■ Data in this exercise ■
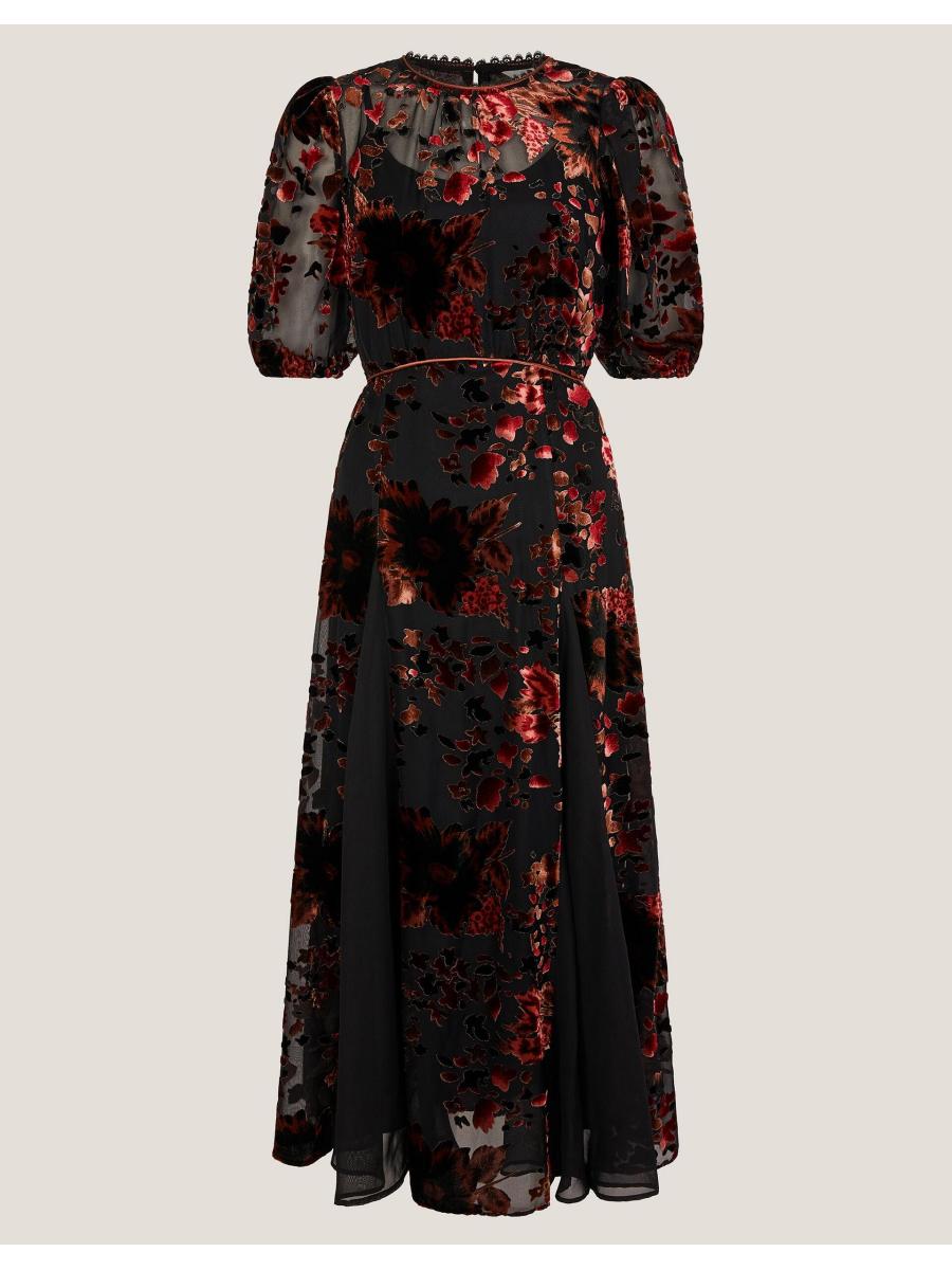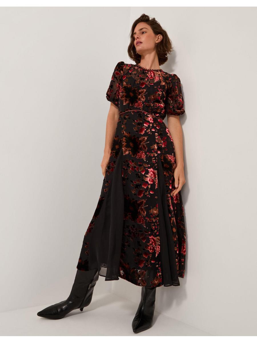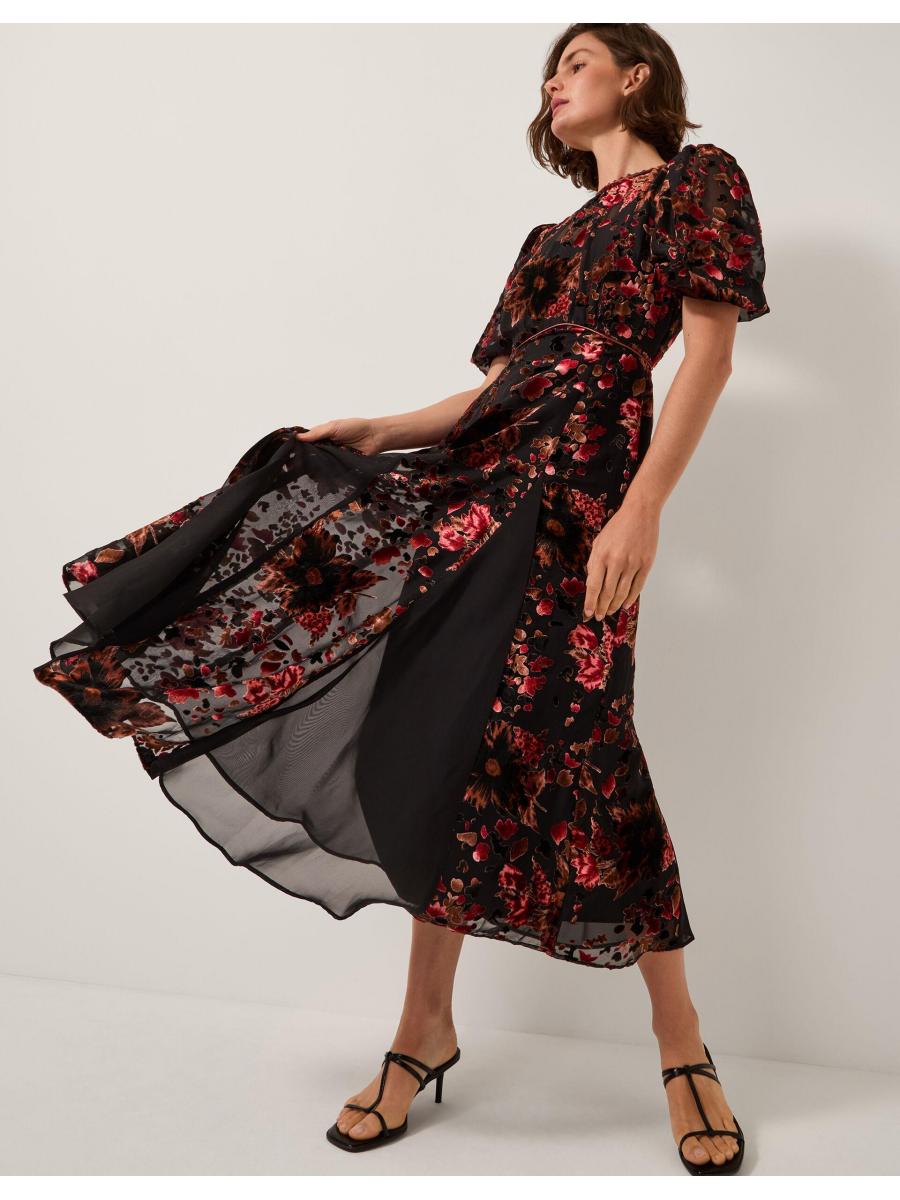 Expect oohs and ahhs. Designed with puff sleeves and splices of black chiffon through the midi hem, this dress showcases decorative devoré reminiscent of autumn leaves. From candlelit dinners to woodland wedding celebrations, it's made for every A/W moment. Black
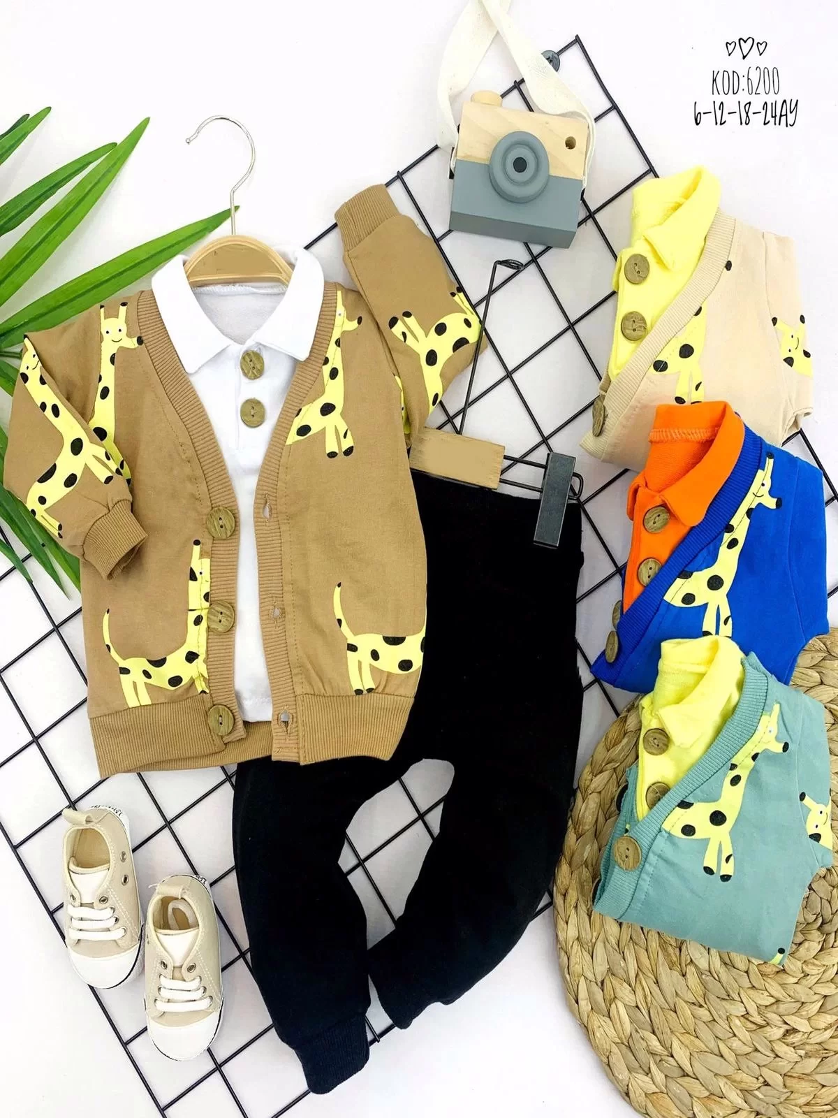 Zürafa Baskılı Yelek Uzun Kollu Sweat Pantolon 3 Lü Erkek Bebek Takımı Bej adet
* * *
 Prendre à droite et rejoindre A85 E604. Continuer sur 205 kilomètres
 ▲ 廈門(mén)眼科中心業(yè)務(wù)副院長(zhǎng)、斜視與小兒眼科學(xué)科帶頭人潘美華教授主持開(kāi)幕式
--
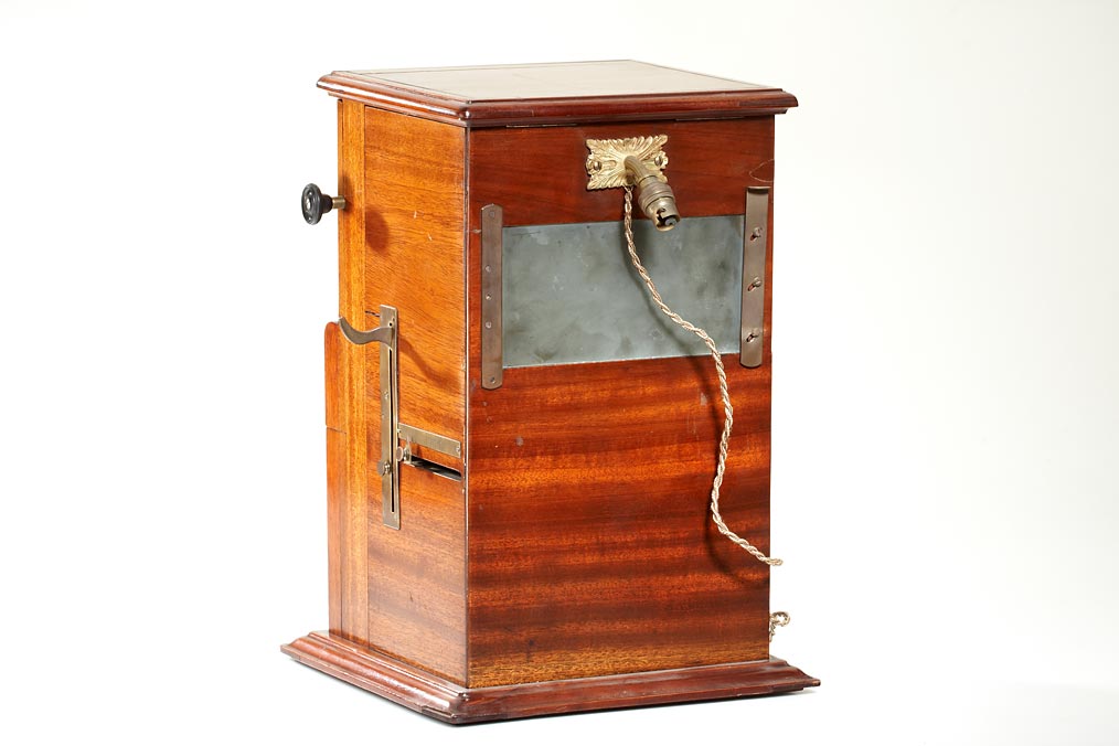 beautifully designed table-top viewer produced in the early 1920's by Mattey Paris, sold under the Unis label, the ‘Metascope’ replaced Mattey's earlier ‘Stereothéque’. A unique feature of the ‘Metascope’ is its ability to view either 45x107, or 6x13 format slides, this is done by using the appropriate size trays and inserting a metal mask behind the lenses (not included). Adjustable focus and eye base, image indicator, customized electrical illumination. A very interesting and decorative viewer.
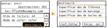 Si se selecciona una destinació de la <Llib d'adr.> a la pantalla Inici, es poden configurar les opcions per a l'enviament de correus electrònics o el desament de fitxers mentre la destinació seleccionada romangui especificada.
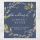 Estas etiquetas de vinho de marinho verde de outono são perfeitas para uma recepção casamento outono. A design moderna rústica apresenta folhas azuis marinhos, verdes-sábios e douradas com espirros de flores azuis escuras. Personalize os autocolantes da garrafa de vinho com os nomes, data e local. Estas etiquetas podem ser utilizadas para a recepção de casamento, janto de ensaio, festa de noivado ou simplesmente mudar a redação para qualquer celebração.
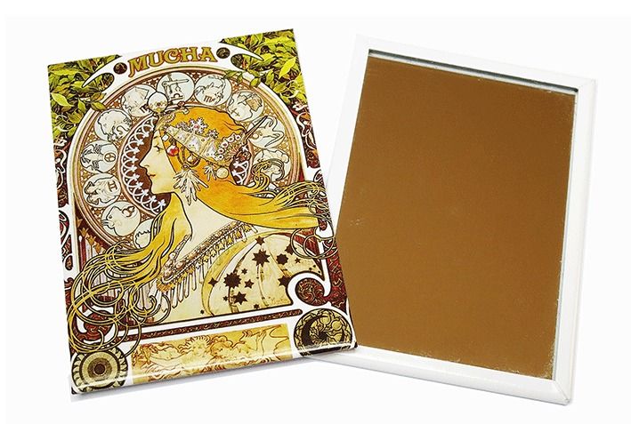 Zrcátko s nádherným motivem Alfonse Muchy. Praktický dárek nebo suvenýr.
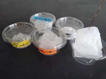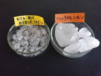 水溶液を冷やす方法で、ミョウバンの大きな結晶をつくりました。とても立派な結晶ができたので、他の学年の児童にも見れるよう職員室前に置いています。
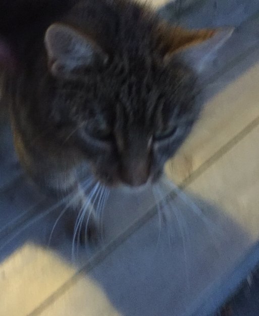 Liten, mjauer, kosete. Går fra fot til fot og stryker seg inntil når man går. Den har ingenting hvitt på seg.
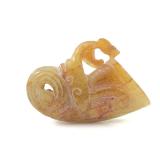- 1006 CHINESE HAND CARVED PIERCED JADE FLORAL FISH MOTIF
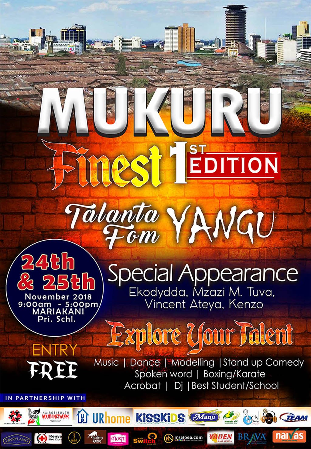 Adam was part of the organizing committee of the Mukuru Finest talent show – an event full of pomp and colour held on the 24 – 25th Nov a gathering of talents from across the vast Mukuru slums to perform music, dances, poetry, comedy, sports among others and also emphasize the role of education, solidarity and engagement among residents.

■ Exercise instructions ■
Text only, no pictures: please print exactly the lines above from the line with "Expect oohs and" up to and including the line with "Zürafa Baskılı Yelek", and nothing else.

■ Written answer ■
 Expect oohs and ahhs. Designed with puff sleeves and splices of black chiffon through the midi hem, this dress showcases decorative devoré reminiscent of autumn leaves. From candlelit dinners to woodland wedding celebrations, it's made for every A/W moment. Black
 Zürafa Baskılı Yelek Uzun Kollu Sweat Pantolon 3 Lü Erkek Bebek Takımı Bej adet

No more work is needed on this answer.